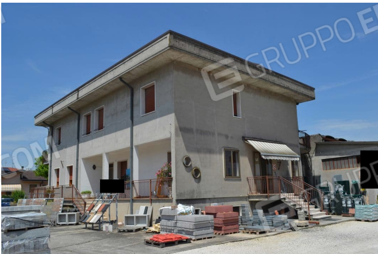
foto 2 – m.n. 93 (visto da sudest dalla via Caduti sul Lavoro) – L'immobile dove si trovano gli uffici e la taverna, licenziato dapprima nel Marzo 1974 e abitabile dal Dicembre 1978, dispone di n. 3 beni comuni non censibili, ossia il vano scale, il deposito bombole e la corte esterna. Le unità al primo piano, così come il capannone sul retro e il garage al seminterrato, sono estranee alla presente procedura esecutiva.
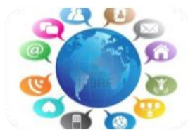
2.1.5 DEFINIR CANALES DE COMUNICACIÓN
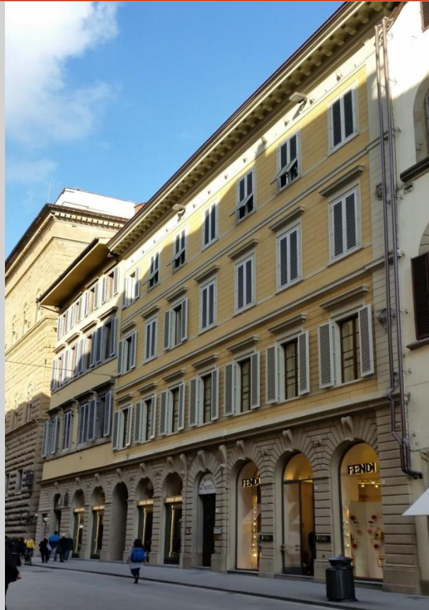
Palazzo Altoviti Sangalotti (716)

... Caffè Doney dal 1827 ha rappresentato uno dei luoghi simbolo della città... La sua prestigiosa posizione, di fianco a palazzo Strozzi lungo via Tornabuoni, l'ha reso una delle mete preferite dell'alta borghesia fiorentina e straniera.
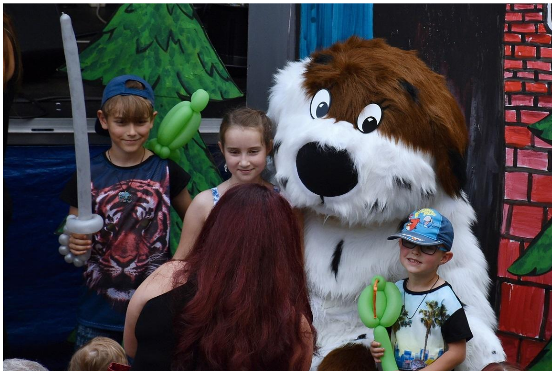
Rockfest, 25. 6. 2016
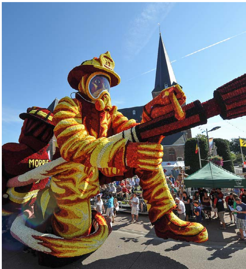
Het Loenhoutse Bloemencorso
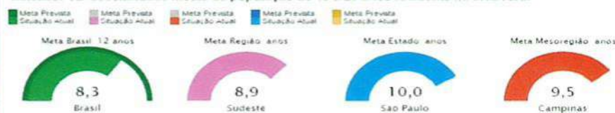
Indicador 8B-Escolaridade média da população de 18 a 29 anos residente na área rural

Fonte: Estado, Região e Brasil - PNAD - 2015 Fonte: Município e Mesoregião - IBGE/Censo Populacional - 2010
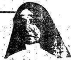
Santuário Madre Paulina

Nova Trento "Capital Catarinense do Turismo Religioso"
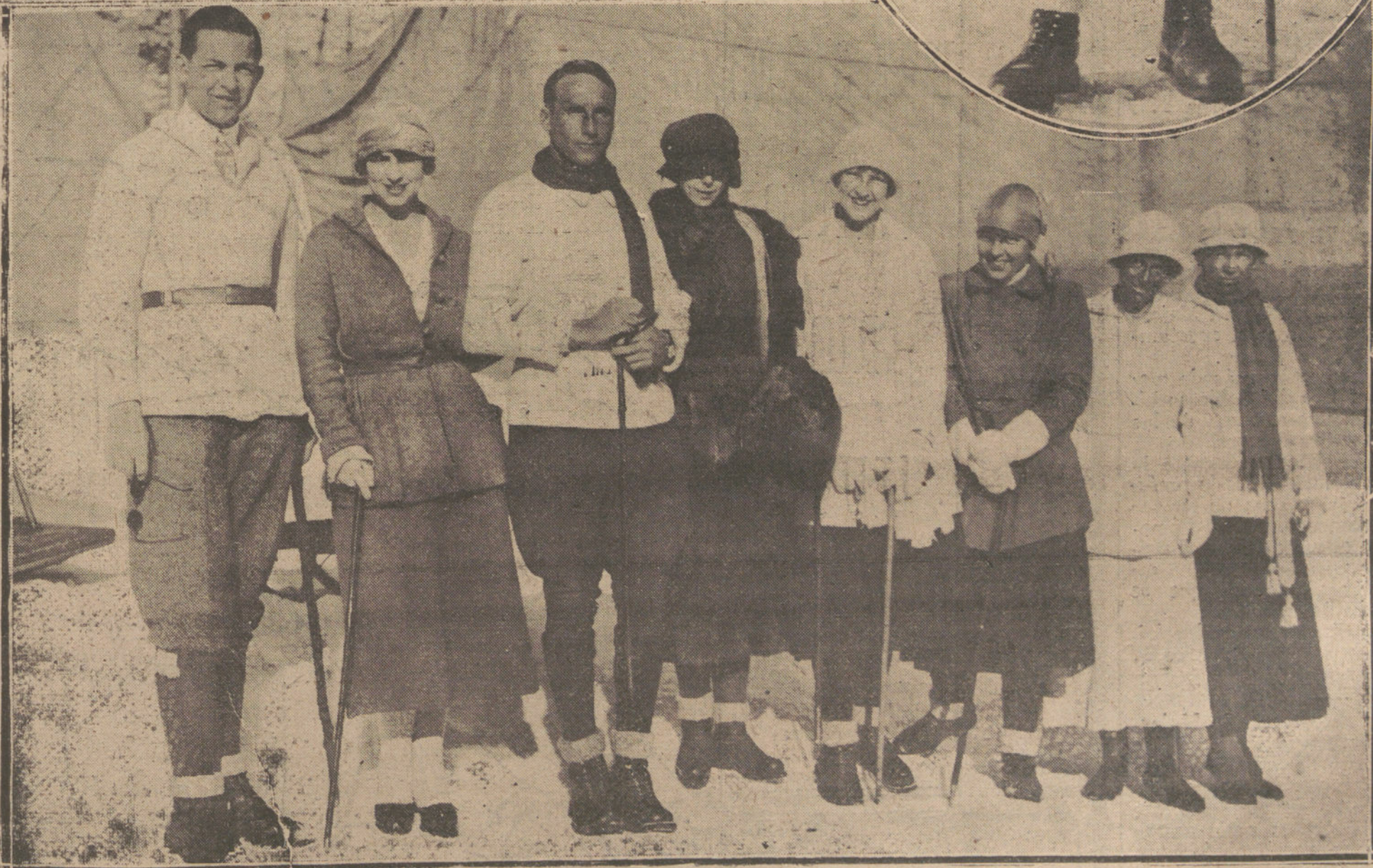
LOS DEPORTES DE INVIERNO EN SAINT MORITZ (SUIZA).—EL MAYOR BEAUMONT Y SU SEÑORA, CAMPEONES DE SKATING. EL EX KEY CONSTANTINO DE GRECIA, QUE TOMO PARTE EN LOS CONCURSOS DEPORTIVOS. INTERESANTE GRUPO DE PATINADORES FOR- MADO POR (DE IZQUIERDA A DERECHA) EL PRINCIPE PABLO DE GRECIA, LA PRINCESA ELENA, EL INFANTE DON ALFONSO DE OR- LEANS, LA PRINCESA BEATRIZ DE SASSONI, LA PRINCESA IRENE Y LAS SEÑORAS MUIRHEAD MENDE Y HULL.
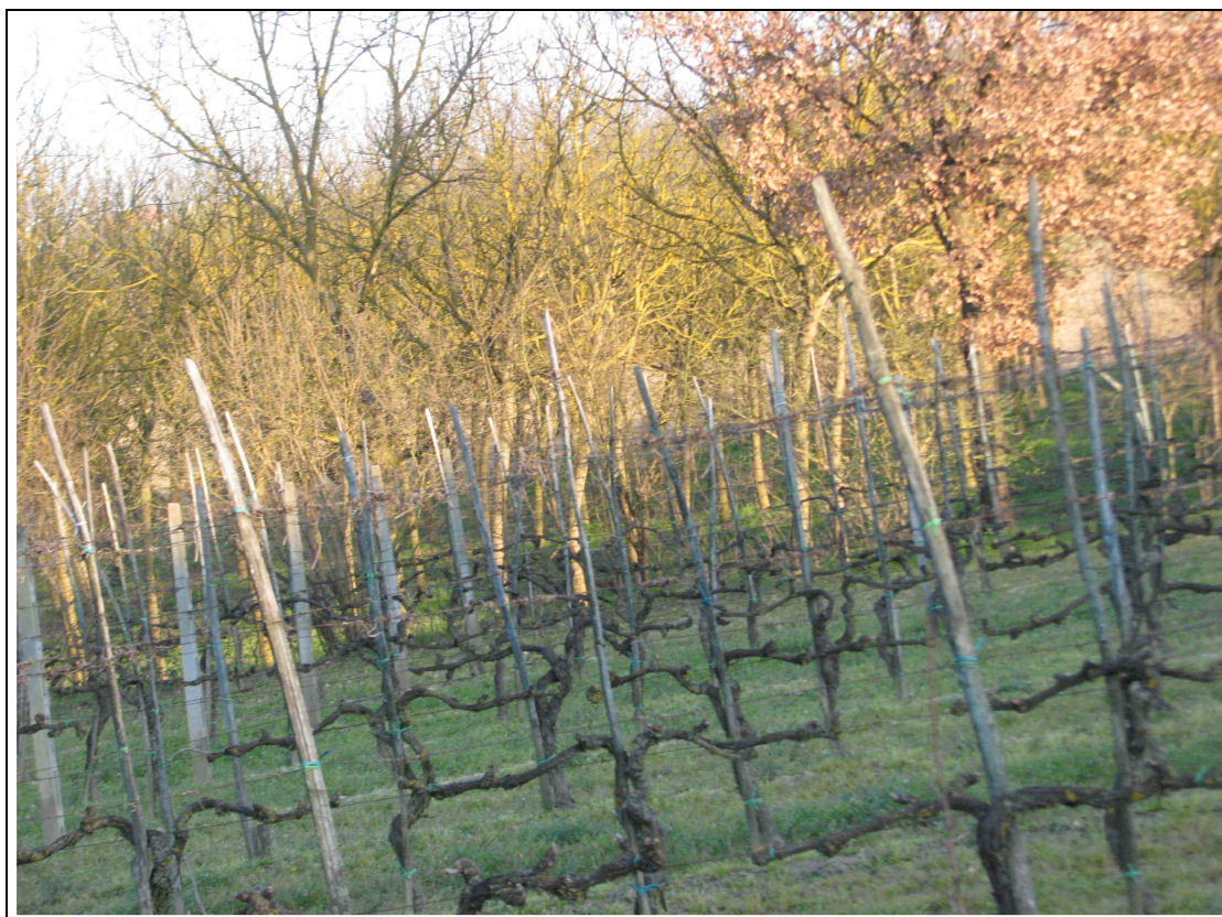
PARTICOLARE FOTOGRAFICO DA VIA SALVO D'ACQUISTO (15)
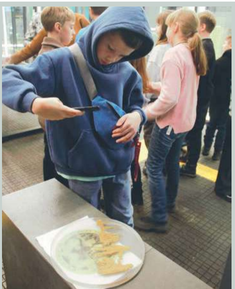
Снимки лепки – на память.

В следующем году мы вновь будем организовывать для детей конкурсы и экскурсии. Пока планы не утверждены, скажу лишь так: нам есть чем удивить и заинтересовать ребят, тем более что о монетном дворе и его работе они уже знают».
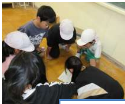
たてわりチームで走順の確認中
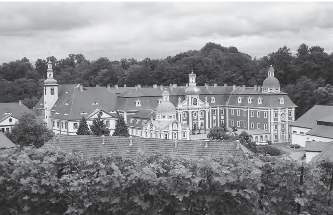
[1] Celkový pohled na klášter Marienthal. Barokní architektura dnes nepřipomíná jeho středověký původ.

hovat i na Šestiměstí. Pro odlišení obou částí získala Země šesti měst přídomek Lužice Horní, zatímco původní Lužice začala být zvána Lužicí Dolní. Jak již bylo řečeno, ve větší míře se tyto pojmy prosadily až během 16. století. 6
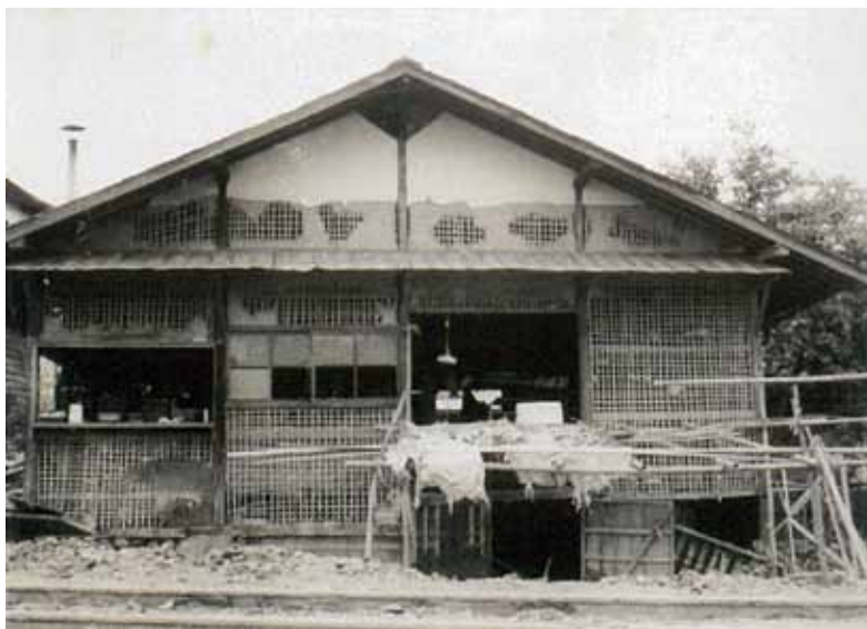
飯田線の線路脇の被災した家屋 家の前の 2 本の線は飯田線の線路
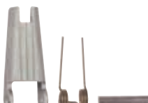
lisovaná pojistka z ocelového plechu / lisovaná poistka z ocelového plechu
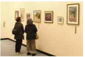
昨年の美術展で絵画に見入る人たち。

幅広い世代の人たちが手掛けた美術作品を展示しますので、ぜひ会場で鑑賞してください。また、各部門の中から、優れた作品を表彰します。 ● 日 時 11月1日(土)～3日(日)・9時～17時 ※3日は15時までです。 ● 場 所 なかまハーモニーホール 作品募集 出品規定要項と出品票は、9月11日(土)から中央公民館で配布します。 ● 募集部門 絵画、書道、写真、陶芸、自由 ※公募展で未発表のものに限ります。 ※全部門を通して、出品は1人2点までです。 ● 出品規定 ○ 絵画 ：日本画、洋画(水彩・油彩・パステル)、版画、染色とし、4号～100号で額装または軸物 ○ 書道 ：たて作品で、半切～二八まで(全紙可)、表装または額装 ※無鑑査はこの限りではありません。 ※書き下ろし、よこ作品は不可です。 ○ 写真 ：単写真、組写真とも4つ切り以上で枠張り ○ 搬入日時 10月21日(土)～22日(日)・9時～19時 ※搬入期間を過ぎたときは、受け付けできません。 ※作品には必ず吊かんとヒモを付け、出品票を添えてください。 ● 搬入場所 なかまハーモニーホール展示室 ● 搬出日時 11月4日(土)・9時～13時 ○ 陶芸 ：縦・横・奥行ともに50cm以内、重量は10kg以内 ○ 自由 ：ちぎり絵、押し花、グラフィックデザイン、カリグラフィーとし、4号～100号で額装または枠張り ● 応募資格 ○原則として市内在住・在勤・在学の人 ○市内で美術製作している高校生以上の人
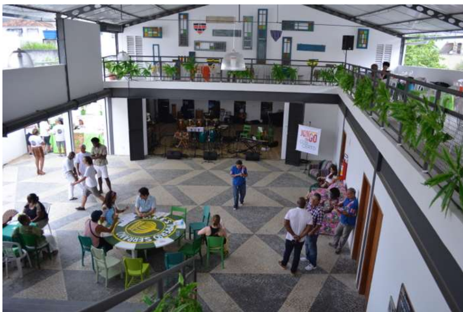
Figura 7: Interior da Casa do Jongo da Serrinha, 2015.
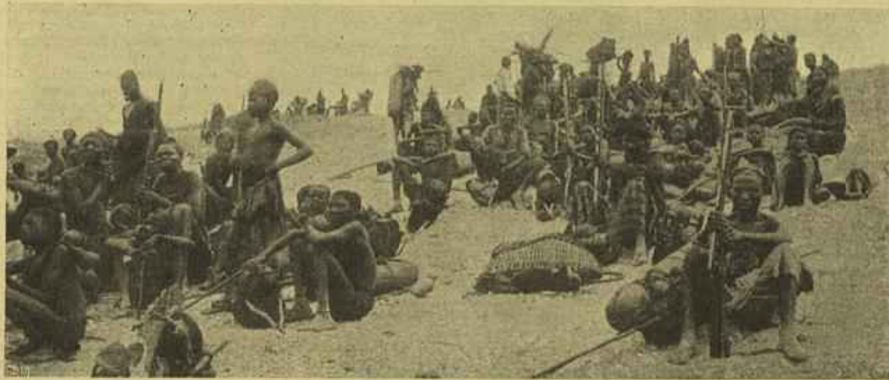
NÓ PAIS DOS DEMBOS, UMA QUIBUCA

Dissemos que ha mais de um século os Dembos combatiam o dominio dos portuguezes no seu país, internado na provincia de Angola, e de facto assim é, como consta de antigas communicações
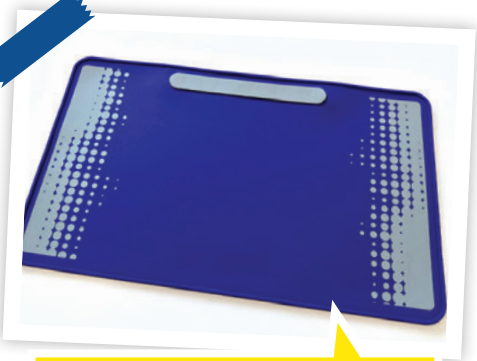
看似平平無奇的實驗墊，其實有防火、防滑、防腐蝕性的效能，可見學校非常重視學生的安全。
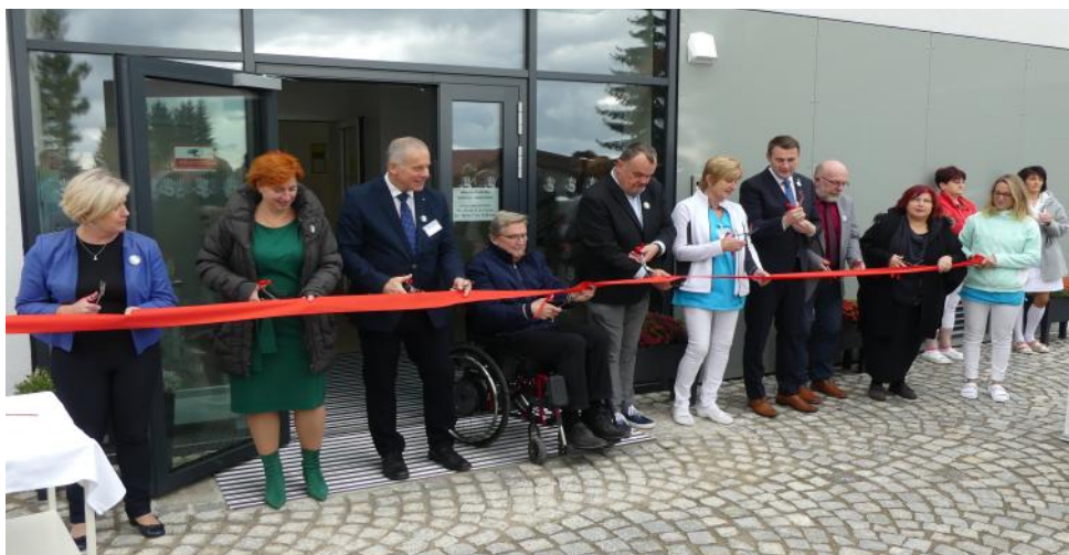
Slavnostní otevření nového pavilonu E, které se uskutečnilo v rámci dne otevřených dveří 17. října 2023.

Nový pavilon E byl tak po mnoha peripetích dokončen 5. března a zko- laudován až 30. června 2023, tedy po dvou letech od zahájení výstavby. Prv- ního září téhož roku začal sloužit paci- entům i personálu. Od prvotního zá- měru až po samotnou realizaci tak uplynulo téměř devět let. Celková cena stavby pavilonu dosáhla 90,5 milionu korun, přičemž téměř 60 milionů bylo hrazeno z dotace Ministerstva zdravot- nictví ČR. Liberecký kraj přispěl část-
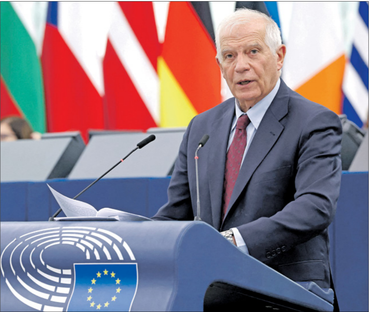
بوريل في مقر البرلمان الأوروبي بستراسبورغ

يفادر الإسباني جوزيب بوريل الشهر المقبل منصبه مفوض السياسة الخارجية، للاتحاد الاوروبي، وقد اضفت الحرب على غزة، صيغة اعتدال نادرة في الضرب من الصراع، علما ان خلفته سيعمل داخل الاتحاد ليية تميل أكثر لليمين واسرائيل
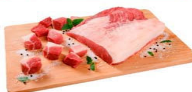
PONTA DE PEITO SEM OSSO Kg
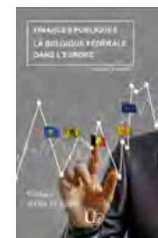
G. Pagano, Finances publiques, La Belgique fédérale dans l'Europe , Charleroi : Éditions de l'UO, 2021.
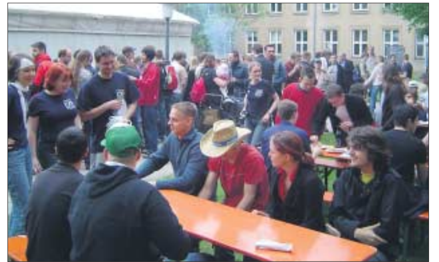
Mit Grillen und Rockmusik klang der Tag aus.

Die Sieger des Volleyballturniers (1. Platz: Kampfpinguine, 2. Platz: 2Promille-
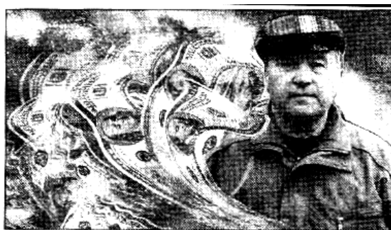
Коллаж из газеты «Измаильские ведомости» (23.04.1999 года).

Не дождётся! Горожане в большинстве своём не дураки. Им нет смысла идти на поводу у продажного политического пигмея и его случайных «попутчиков». К чему лишиться своих единственных защитников?! Да и сам «славянин»-«философ» в случае осуществления его мечтаний
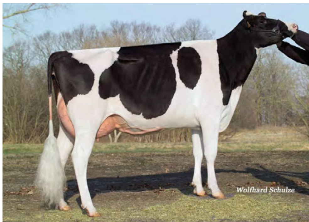
ETOILE, mère de GLIPSY
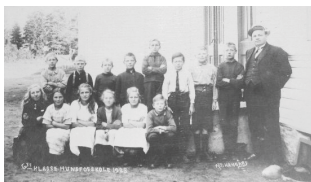
Etter skoleloven i 1860 skulle det være egen skole for de ansattes barn på fabrikker med minst 30 ansatte. I 1893 ble det bygget eget skolehus på Hunsøya
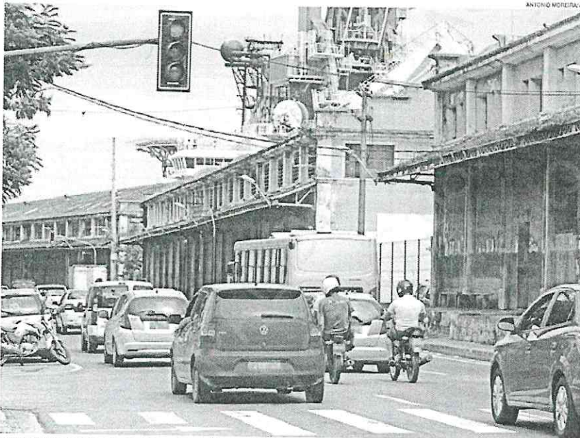
AVANÇO de sinal na avenida Florentino Avidos, em Vitória: semáforos serão trocados e vão contar veículos próximos

No caso de Vitória, a prefeitura informou, em nota, que esse recurso é destinado ao Fundo Municipal de Trânsito, e entre os investimentos está a comunicação digital dos semáforos.
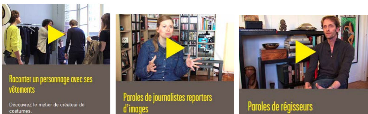
Capture d'écrans des vidéos sur les métiers

Le site internet de la CPNEF de l'audiovisuel se veut un espace ressources, avec des fiches métiers, des vidéos, un répertoire des formations et la consultation de toutes les études réalisées dans le cadre de l'Observatoire des métiers.
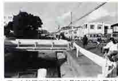
着々と拡幅工事が進む長津川(北本町1)
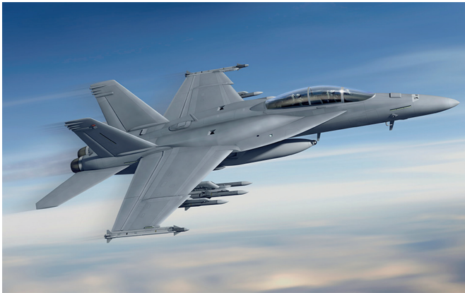
4. ábra F/A-18 [16]

A repülőgép felfegyverzési filozófiájára egy ismert amerikai felfogás a jellemző, amely az egész gép koncepcióját is markánsan meghatározza, ez nem más, mint a „minél többet minél messzebbre” szemléletmód. Ez jól felismerhető az egy időben függeszthető rakéták és a precíziós bombák nagy számában, ami maximum 4,5 t megsemmisítő eszköz lehet összesen. Egy Super Hornet ára körülbelül 66 millió USD, ami meglepően olcsó az előző típusokhoz képest.
☆ ☆ ☆ ☆
Task: With pictures removed, write out exactly each line of the entries from the first through the line that holds "Снимки лепки – на память.".

Solution to this problem:
foto 2 – m.n. 93 (visto da sudest dalla via Caduti sul Lavoro) – L'immobile dove si trovano gli uffici e la taverna, licenziato dapprima nel Marzo 1974 e abitabile dal Dicembre 1978, dispone di n. 3 beni comuni non censibili, ossia il vano scale, il deposito bombole e la corte esterna. Le unità al primo piano, così come il capannone sul retro e il garage al seminterrato, sono estranee alla presente procedura esecutiva.
2.1.5 DEFINIR CANALES DE COMUNICACIÓN
Palazzo Altoviti Sangalotti (716)

... Caffè Doney dal 1827 ha rappresentato uno dei luoghi simbolo della città... La sua prestigiosa posizione, di fianco a palazzo Strozzi lungo via Tornabuoni, l'ha reso una delle mete preferite dell'alta borghesia fiorentina e straniera.
Rockfest, 25. 6. 2016
Het Loenhoutse Bloemencorso
Indicador 8B-Escolaridade média da população de 18 a 29 anos residente na área rural

Fonte: Estado, Região e Brasil - PNAD - 2015 Fonte: Município e Mesoregião - IBGE/Censo Populacional - 2010
Santuário Madre Paulina

Nova Trento "Capital Catarinense do Turismo Religioso"
LOS DEPORTES DE INVIERNO EN SAINT MORITZ (SUIZA).—EL MAYOR BEAUMONT Y SU SEÑORA, CAMPEONES DE SKATING. EL EX KEY CONSTANTINO DE GRECIA, QUE TOMO PARTE EN LOS CONCURSOS DEPORTIVOS. INTERESANTE GRUPO DE PATINADORES FOR- MADO POR (DE IZQUIERDA A DERECHA) EL PRINCIPE PABLO DE GRECIA, LA PRINCESA ELENA, EL INFANTE DON ALFONSO DE OR- LEANS, LA PRINCESA BEATRIZ DE SASSONI, LA PRINCESA IRENE Y LAS SEÑORAS MUIRHEAD MENDE Y HULL.
PARTICOLARE FOTOGRAFICO DA VIA SALVO D'ACQUISTO (15)
Снимки лепки – на память.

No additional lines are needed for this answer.